I have asked this question before, and have been told Nockturnal H nocks fit, well turns out they don't. Even had a guy ask a rep this question. He said H nocks, but you might have to file them down a bit. These nocks are too small for the arrow, so filing them down isn't going to help. Anybody know??


----------



## Spencer (Sep 2, 2010)

anybody??


----------



## Spencer (Sep 2, 2010)

To the top.... somebody has to know.


----------



## TJK (Dec 2, 2010)

H nocks I believe


----------



## TJK (Dec 2, 2010)

Maybe not should have read the OP better Sorry My book says H but haven't actually tried them.


----------



## Spencer (Sep 2, 2010)

Yeah I don't get it. I've heard H nocks over and over, but they flat do not fit. They are too small for the arrow. At a loss here.


----------



## TJK (Dec 2, 2010)

How small are they? You can put a plastic sack over the end of the arrow and push nock through it into the arrow if it is just slightly loose. May not be the best solution but it works. Now you've got me curious if I get some time this weekend i'll pull some off the shelf although I don't have any lighted h nocks right now.


----------



## Spencer (Sep 2, 2010)

Too small for that idea. Did you get a chance to try anything out?


----------



## Spencer (Sep 2, 2010)

If anyone else knows please feel free to chime in, still trying to figure this out.


----------



## NSSCOTT (Sep 6, 2009)

NOCKTURNAL H nock fit's perfectly in the bloodline 330 it's not the nock i have setup quite a few up no issues what so ever,there in my arrows, i'd look at the dia. of the shafts, that or your pack of h nock's is really x nock's one or the other.


----------



## HuntMaine (Mar 6, 2013)

Yup nockturnal H nocks fit perfectly in my 330 bloodlines.


----------



## steve101610 (Nov 8, 2012)

H nocks fit in mine perfectly and firenock e nocks I also had problems with nocturnal x nocks being really loose in my fmjs but my firenock a nocks fit perfect I think it might be a quality control issue at nocturnal


----------



## Firenock (Nov 5, 2006)

Firenock E is what will fit perfectly. Bloodline is the same series that is base on the Excel/Epic series arrows frim Easton. FYI, quite a few customer had seen some company put X nock in H nock package, thus it is smaller. X aka Firenock A is 0.204" while H aka Firenock E is 0.23"" ID.


----------



## NSSCOTT (Sep 6, 2009)

Firenock said:


> Firenock E is what will fit perfectly. Bloodline is the same series that is base on the Excel/Epic series arrows frim Easton. FYI, quite a few customer had seen some company put X nock in H nock package, thus it is smaller. X aka Firenock A is 0.204" while H aka Firenock E is 0.23"" ID.
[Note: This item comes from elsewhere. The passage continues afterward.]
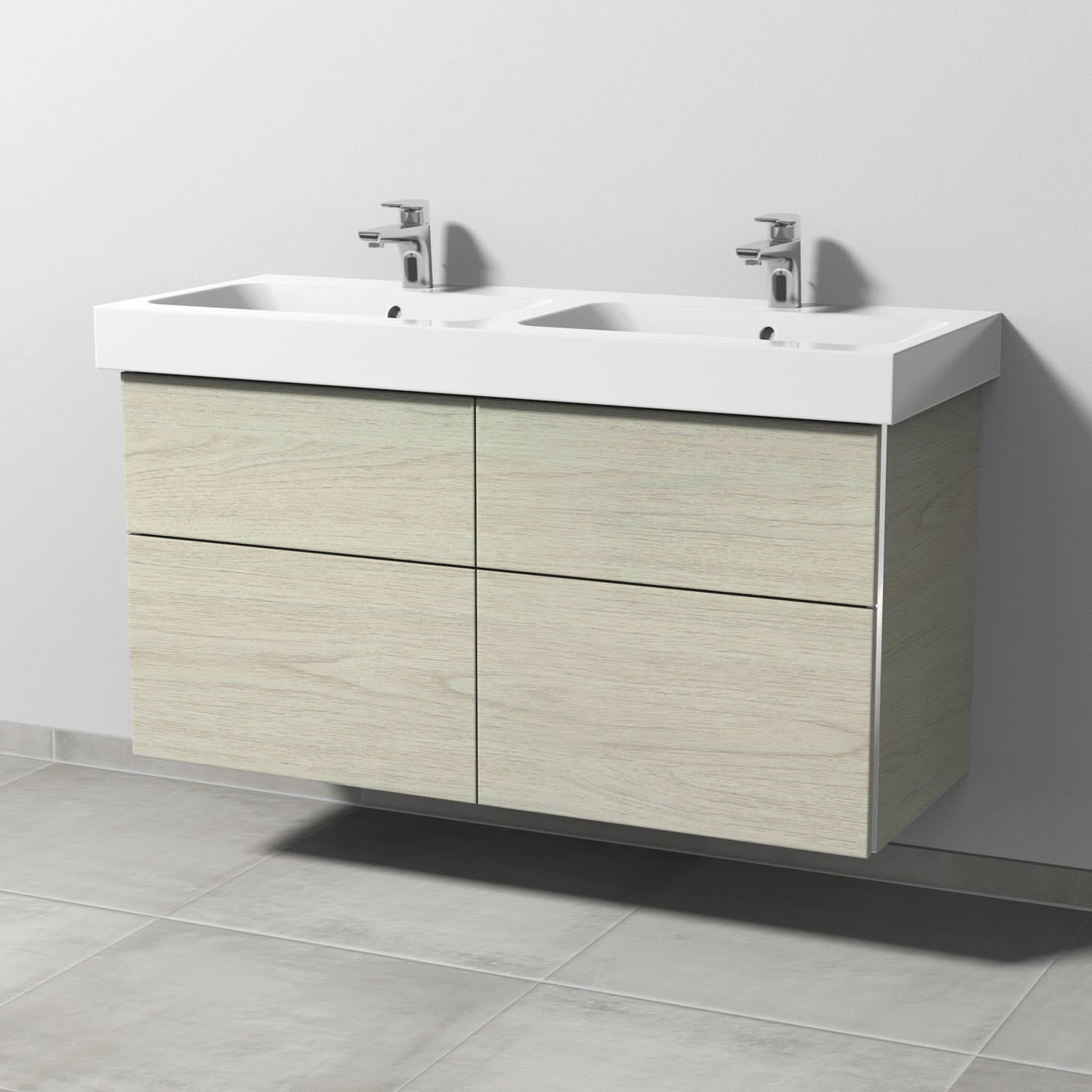Sanipa 3way Waschtischunterbau für Keramik-Doppelwaschtisch iCon 120 cm, 4 Auszüge mit Griffleisten

I never seen that yet x nocks in a the h pack and i sold ,god only knows how many packs of nockturnals but not to say it didn't happen, i never seen it in the new packaging either, regardless the nockturnal's are the best out there.


----------



## Powhatan (Nov 10, 2012)

So, is it safe to say that Nockturnals in size H will fit the 330 Bloodlines? I need to order some, as I was highly impressed with them last year in the GT size on a set of GoldTips... BUMP


----------